But asserting white supremacy and systemic inequality doesn’t quite get to the deeper claim of Afropessimists like Frank Wilderson, who goes beyond the history of slavery and its continued aftereffects on the structural privileging of white Americans in political, economic, and cultural domains. Rather than arguing for making more of a place for Black people in a society still defined by white people and whiteness, Afropessimism is about seeing the world from a position that does not ignore the anti-Blackness that undergirds whiteness, including its claim to speak neutrally or universally to what is Human. By this measure, anti-Blackness is viewed as categorically distinct from other forms of racism and bias, but also as a necessary component of white supremacy. Whiteness defines itself in contrast with Blackness, including the claim that white experiences are archetypal and universal, rather than particular. From this perspective, classical white writers are assumed to express truths about the human condition, while Black writers can only speak from their limited vantage point. As Huey Copland recently put it, “Afro-pessimism at once reveals and reckons with the modern world’s fundamentally anti-Black antagonism, which, in political-ontological terms, structurally positions the Black as the slave, the void, the site of noncapacity that makes possible whiteness, relationality, in a word, ‘the world’ itself” (“Afro-Pessimist Aesthetics,” 241).
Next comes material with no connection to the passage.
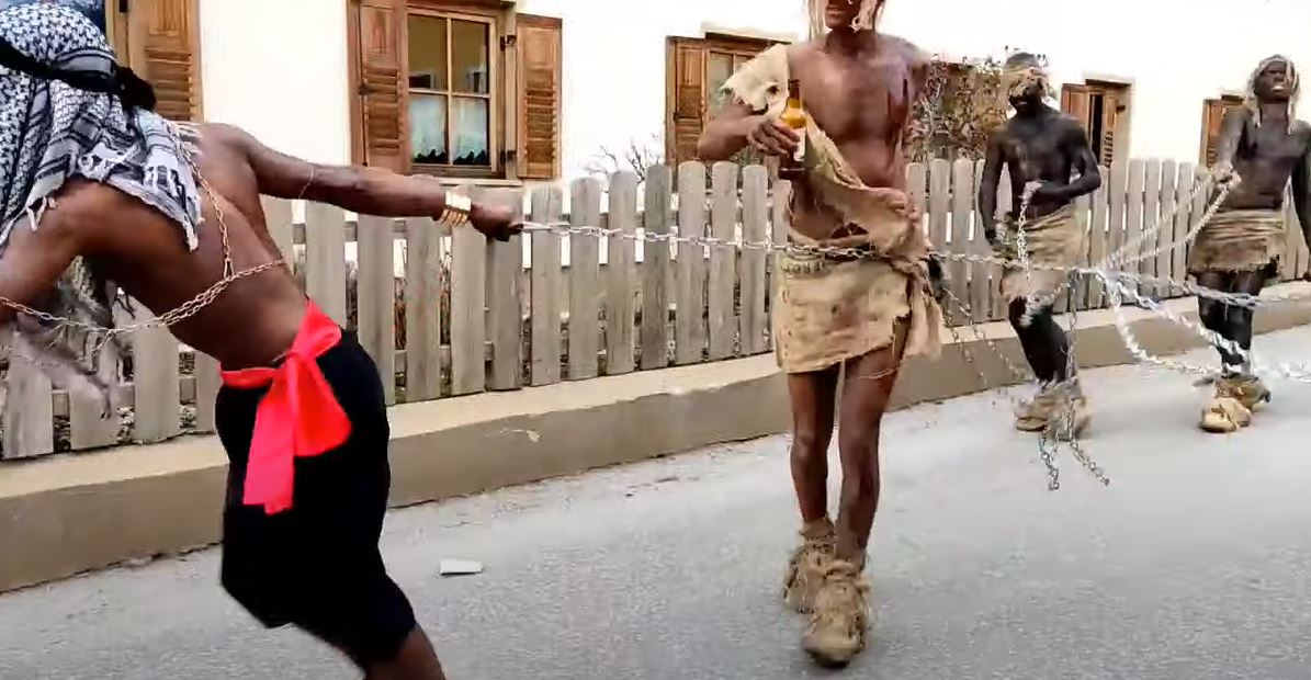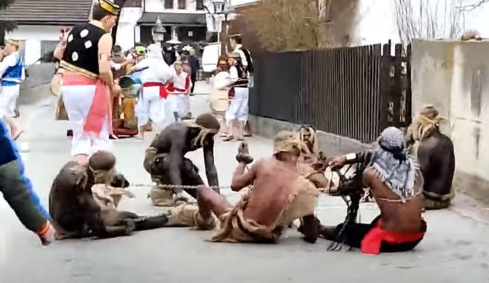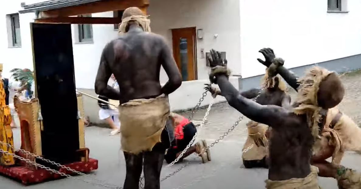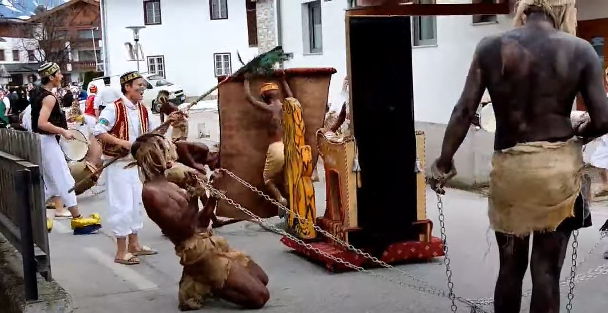 Die Männer sind bis auf eine kurze Stoffhose fast nackt, am ganzen Körper braun oder schwarz angemalt und aneinandergekettet, umringt sind sie von einer Gruppe weißer Männer mit Trommeln und einem künstlichen Kamel. Teils werden die "Sklaven" auch ausgepeitscht und haben rote Striemen am Rücken. Das zeigt ein Video vom Faschingsumzug in Thaur in Tirol vom 16. Februar, dem "Unsinnigen Donnerstag".

Afropessimism is about seeing the world from a position that does not ignore the anti-Blackness that undergirds whiteness, including its claim to speak neutrally or universally to what is Human.

It is in this sense that Afropessimist claims become explicitly ontological. By “ontological,” Afropessimists usually mean “politically ontological,” rather than referring to ontology as a metaphysical claim. Robert Nichols offers a cogent explanation of political ontology: “Ontology here does not refer to an essentialized structure of reality, that is, a rough synonym for metaphysics more generally. Instead it refers to a particular form of analysis, one that affirms the idea that knowledge claims about the world are also interpretations of what sorts of entities there are to be known, and simultaneously, a certain ethical positioning of the subject of knowledge in relation to the world so interpreted” (The World of Freedom, 58).  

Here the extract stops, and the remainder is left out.